I am not having a baby any time soon but maybe within the next 10 years I have to plan to. I am PETRIFIED of getting ppd or psychosis? Maybe because I’ve been watching a lot of true crime lately (taking a break) with cases from women suffering from ppd and psychosis but I also know my reality of my mental health history.
I have CPTSD, depression, and anxiety. (Grew up with n.parents. Poverty. Neglect. Emotional and psychological abuse. Getting back at the other parent for divorce was my legacy to my parents)
I have been depressed literally my entire life (I’m 26). Idek what happiness truly is and it’s a bit scary. As in I can feel it in a moment of maybe an hour at most if that’s how it works?

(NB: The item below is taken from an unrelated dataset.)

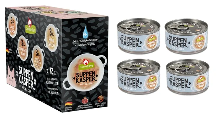 Mokra karma GranataPet Suppenkasper z tuńczykiem, wysokiej jakości delikatny bulion z dużą ilością soczystych kawałków mięsa zachwyci każdego kota. Pyszna zupa pomaga kotom optymalnie pokryć dzienne zapotrzebowanie na płyny. Czy to jako przekąska, dodatek do posiłku, czy też jako zaspokojenie głodu pomiędzy.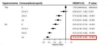 此外,该研究还测试了咖啡、高尿酸血症和痛风之间的关联(图2)。有趣的是,与不喝咖啡的高尿酸血症患者相比,喝咖啡≥4杯/天且无高尿酸血症的参与者患痛风的风险最低(HR 0.34,95% CI 0.28-0.40)。

I struggle a lot with social anxiety. I’d say social anxiety is my main problem tbh. Depression I’m used to n it doesn’t impact me too much when I’m away from my family. But I ruminate on my past every split second of silence. It’s my brains default. But I had this amazing therapy program for trauma teaching CBT and they taught us that u can change ur brains default way of thinking. Idk what else to think of because all my family talks about is the past n the past impacts everything i do currently. Maybe I just always have to be busy. They told us the only real way to get through trauma is to be distracted which has been true for me but of course CBT makes it easier. N I was my happiest with CBT.
But my biggest fear is kindof dissociating like “I just made a baby” wtf. Like I still subconsciously view myself as a kid in some ways I think. Or is it normal to be shocked u created another human. Idk how to explain it lol. I also worry how I can’t provide a normal family for my baby like I didn’t have either. Although my boyfriend has a great family. So I’m grateful we have that.
I don’t have a support system. All I have is my boyfriend. I wish I did it’s all I want rlly.
I won’t have a baby if I’m not financially ready or mentally but even if I am I really fear ppd. I don’t want to take meds but I 100% will to not risk getting ppd when the time comes.
Please share your stories or thoughts.